What you are asked to do:
The required output is every line from the one containing "ML Monique Lhuillier" through the last line of the listing below, copied exactly, pictures excluded.

Source data:
= = = = = = =
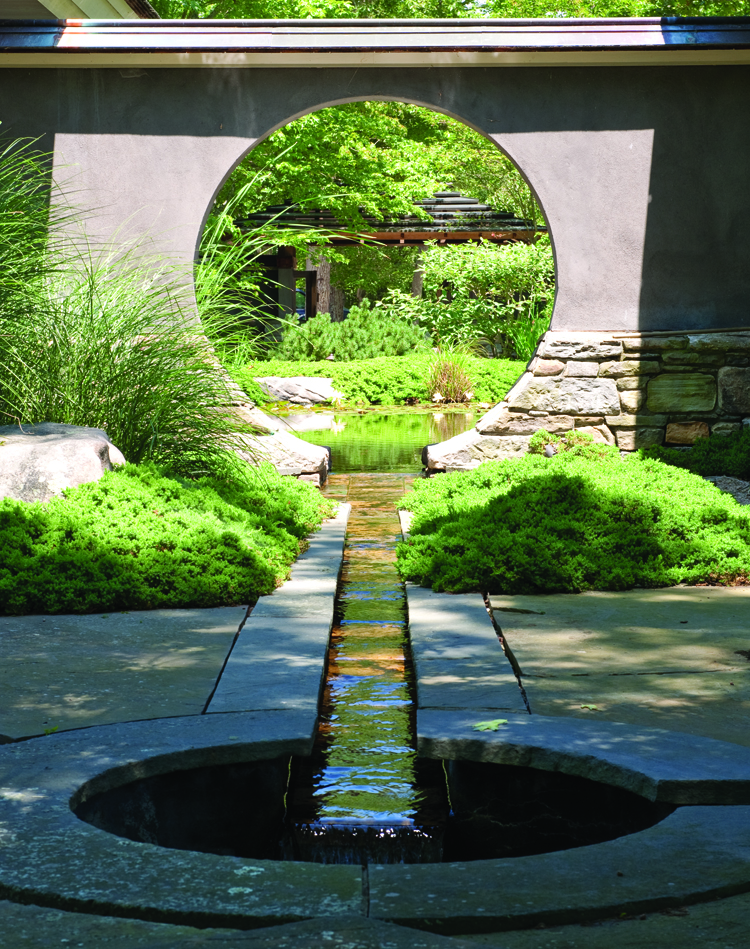 One of the reasons the couple was drawn to Isleib was his integration of an Asian aesthetic into his designs. The inspiration he has gained from travels to locations such as Japan, Bali, and Bangkok is evident in his work, as is the architecture of Frank Lloyd Wright and I. M. Pei. When creating the landscape for this property, Isleib and the homeowners worked with Zen Associates of Massachusetts. The firm implemented their conceptualization of the Asian-style gardens and the pools and waterways that weave around the house. The large circular “window” that creates a visual screen on one edge of the koi pond was inspired by John D. Rockefeller’s garden on Mount Desert Island. Says Isleib, “I love outdoor spaces that become enclosed architecture.” The converse of this concept is seen indoors, most strikingly in the living room, where the eight-foot high panes of glass disappear into the walls with no corner element, so that the outside and inside worlds appear as one. Says the wife, “Part of the interior decoration is the outside and how it flows within.”
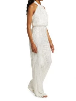 ML Monique Lhuillier Sequined Halterneck Jumpsuit
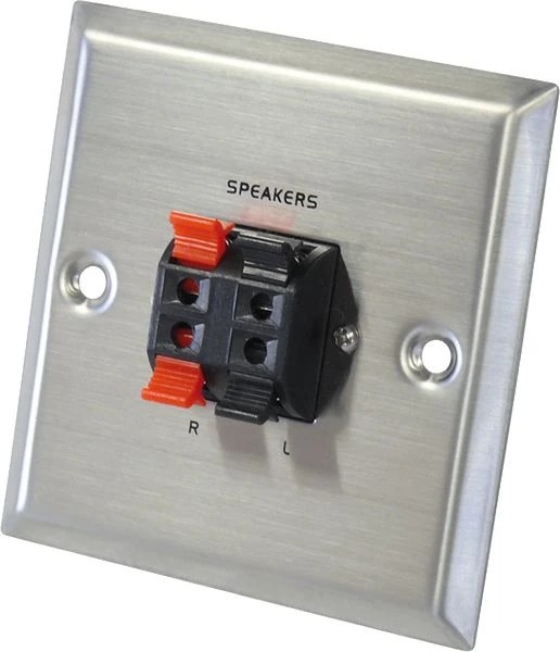 Sehr hochwertige Lautsprecheranschlussblende für zwei Lautsprecher.
= = = = = = =
Response to the exercise:
 ML Monique Lhuillier Sequined Halterneck Jumpsuit
 Sehr hochwertige Lautsprecheranschlussblende für zwei Lautsprecher.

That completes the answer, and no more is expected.